When looking at new boards this year everyone told me I didn't need a wide, but I never really got a good explanation of what the benefits of having a narrower board would be? After months of research I decided to get a 10/11 Slayblade 159 regular, waited for the end of season progressive clearance sale at the local shop (30 then 40 then 50% off) and all that was left at 50% off...a 159 WIDE, oh well. Great board so far, I'm going faster and bigger than ever with fewer consequences. 

Sorry, I got sidetracked...so why too wide???


----------



## schmitty34 (Dec 28, 2007)

gauntlet09 said:


> Sorry, I got sidetracked...so why too wide???


It's feel and preference.
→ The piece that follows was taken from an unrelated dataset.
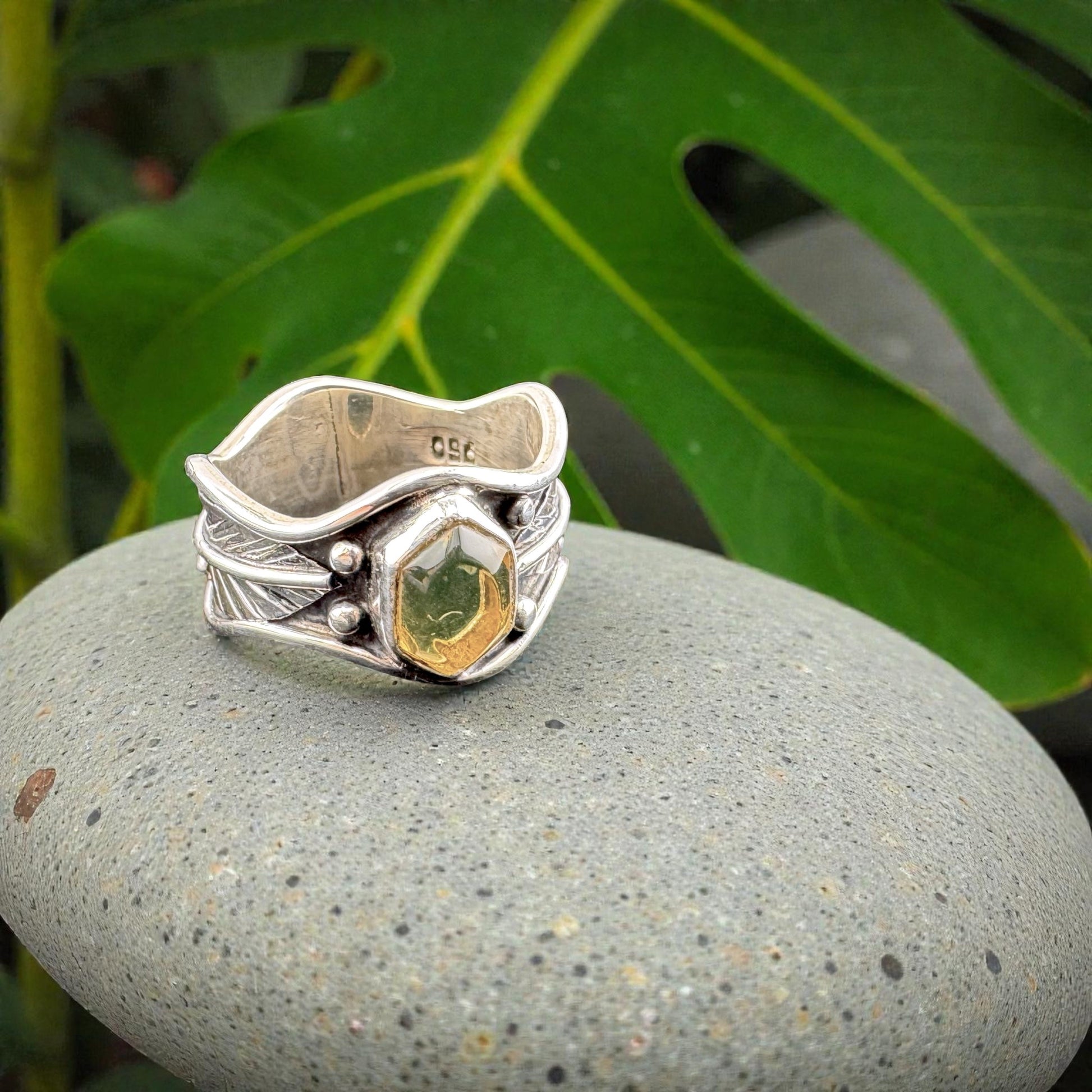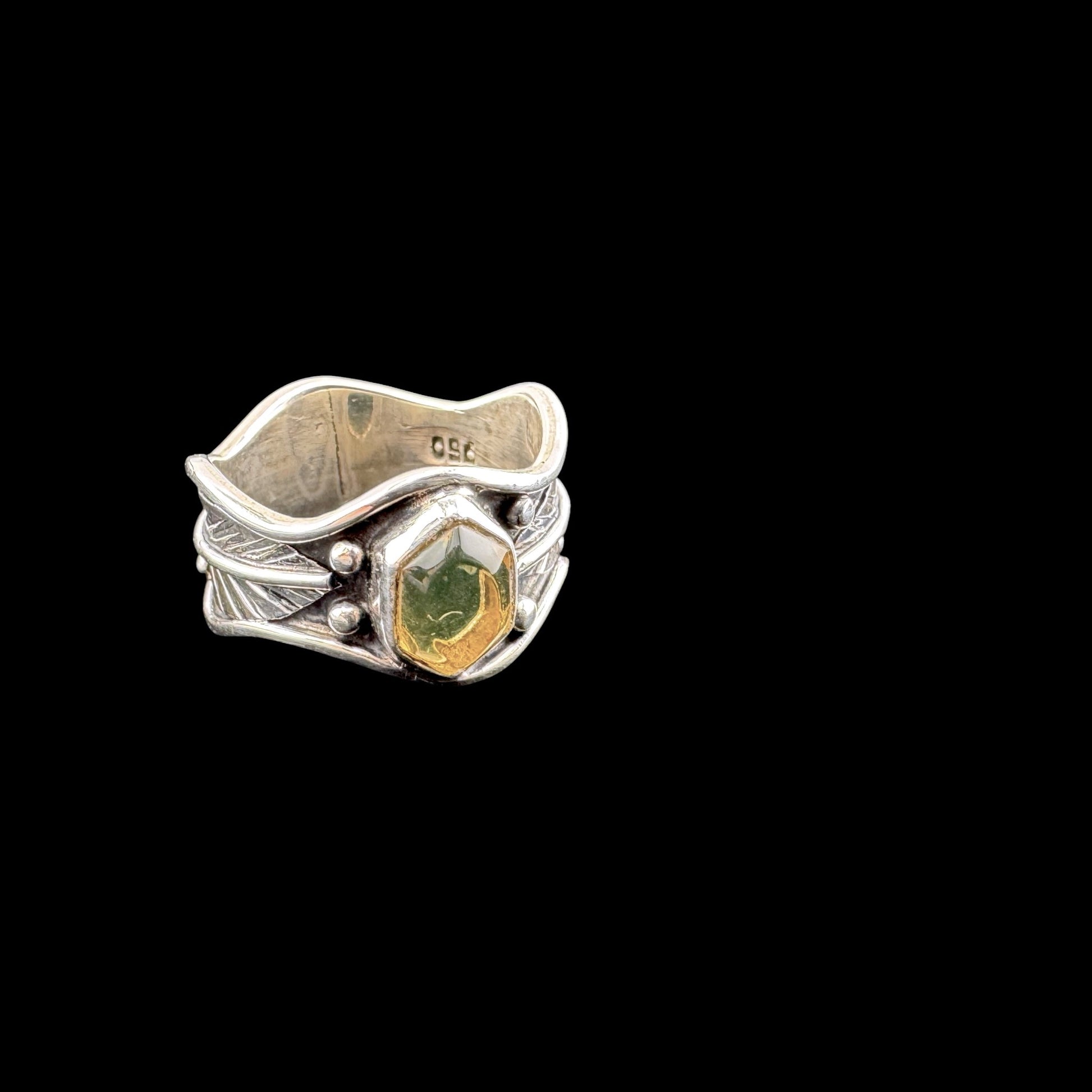 Size 7.5 Hexagonal Amber Ring with detailed 950 silver work, Ambar Hexag, Artisan crafted sterling silver. ASC2-R035-075

You can't really get something too wide, but it might be wider than necessary. 

The wider the board, the longer the transfer from edge-to-edge will be. You are use to wide boards so you have no problem with wides even though you may not NEED them. Some people are use to narrow boards and when they ride a wide it feels terrible. 

I have size 12 boots so I always have a wide and feel just fine. I've ridden some normal boards as well and didn't really notice much difference (although I would have dragged if I was carving real hard).

Conclusion: if you like wide boards, keep shredding them regardless of what other people say.


----------



## GorgeDad (Jan 24, 2011)

"Wide" is a relative term, too. Boards called wide vary in actual width and there are mid-wides, etc. There are a lot of factors: boot size, binding type, stance angle so there's no definitive answer, though getting really wide decreases (potentially) turning efficiency. 

Schmitty makes the best point - if it works for you, then the theory doesn't matter.

I ride in 9.5 boots on a Lib Tech Travis Rice that's designed as a mid-wide (26cm waist) and like it better than any other setup i've ridden.


----------